▶ **WORKING DATA**:
####################
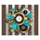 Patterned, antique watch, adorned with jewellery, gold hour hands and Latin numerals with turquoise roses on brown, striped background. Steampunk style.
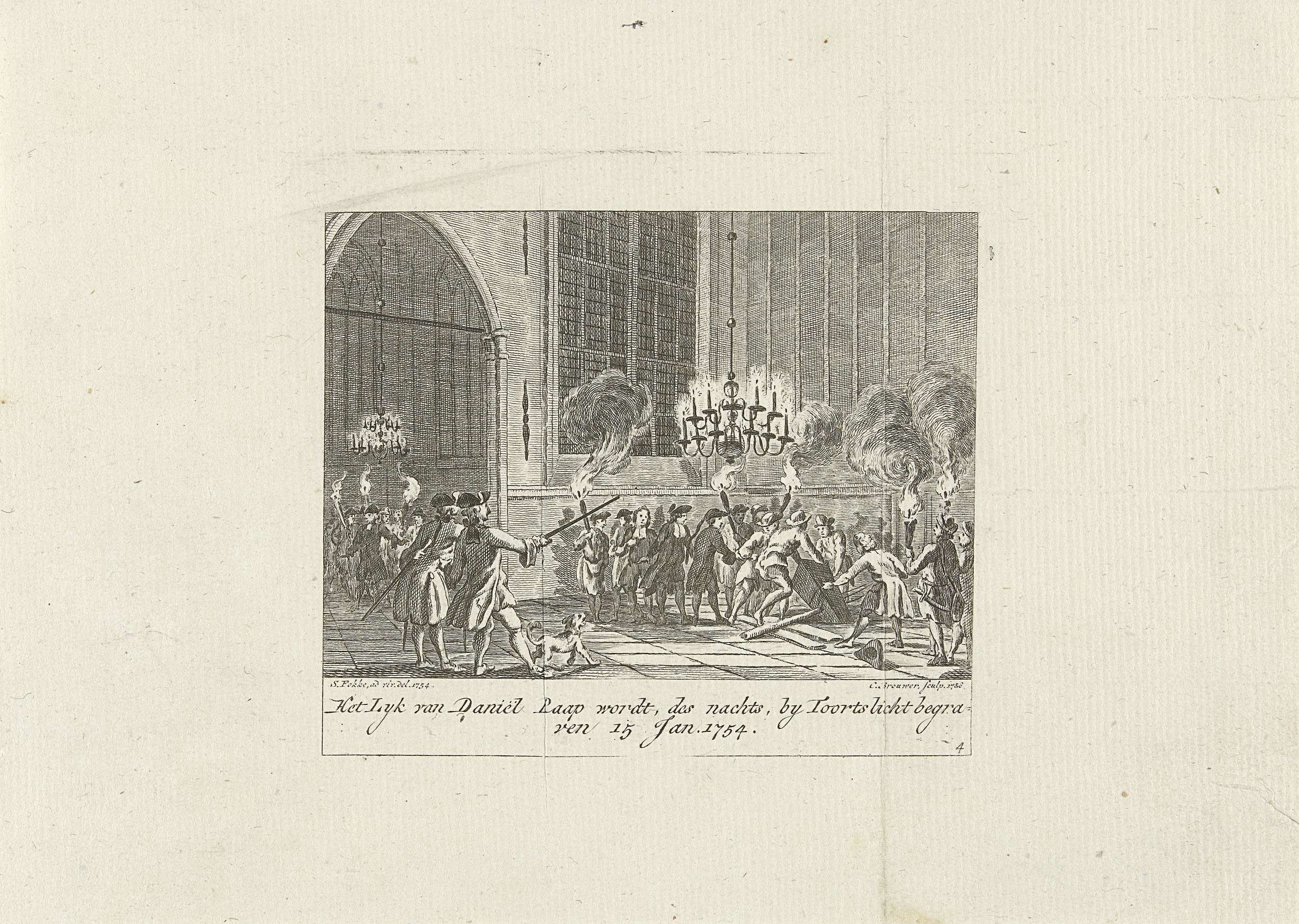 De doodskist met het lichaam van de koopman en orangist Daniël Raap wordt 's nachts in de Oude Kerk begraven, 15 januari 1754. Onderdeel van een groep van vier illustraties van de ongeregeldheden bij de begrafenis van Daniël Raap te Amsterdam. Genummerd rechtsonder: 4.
####################
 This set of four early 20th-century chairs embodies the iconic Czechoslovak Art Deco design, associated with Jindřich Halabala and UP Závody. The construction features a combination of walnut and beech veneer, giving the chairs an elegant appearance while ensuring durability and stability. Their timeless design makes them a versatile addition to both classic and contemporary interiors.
####################
▶ **TASK TO COMPLETE**: Starting at the line above that holds "Patterned, antique watch, adorned", repeat every line exactly down to and including the line that holds "De doodskist met", then stop. Do not carry over any pictures.

▶ **TASK SOLUTION**:
 Patterned, antique watch, adorned with jewellery, gold hour hands and Latin numerals with turquoise roses on brown, striped background. Steampunk style.
 De doodskist met het lichaam van de koopman en orangist Daniël Raap wordt 's nachts in de Oude Kerk begraven, 15 januari 1754. Onderdeel van een groep van vier illustraties van de ongeregeldheden bij de begrafenis van Daniël Raap te Amsterdam. Genummerd rechtsonder: 4.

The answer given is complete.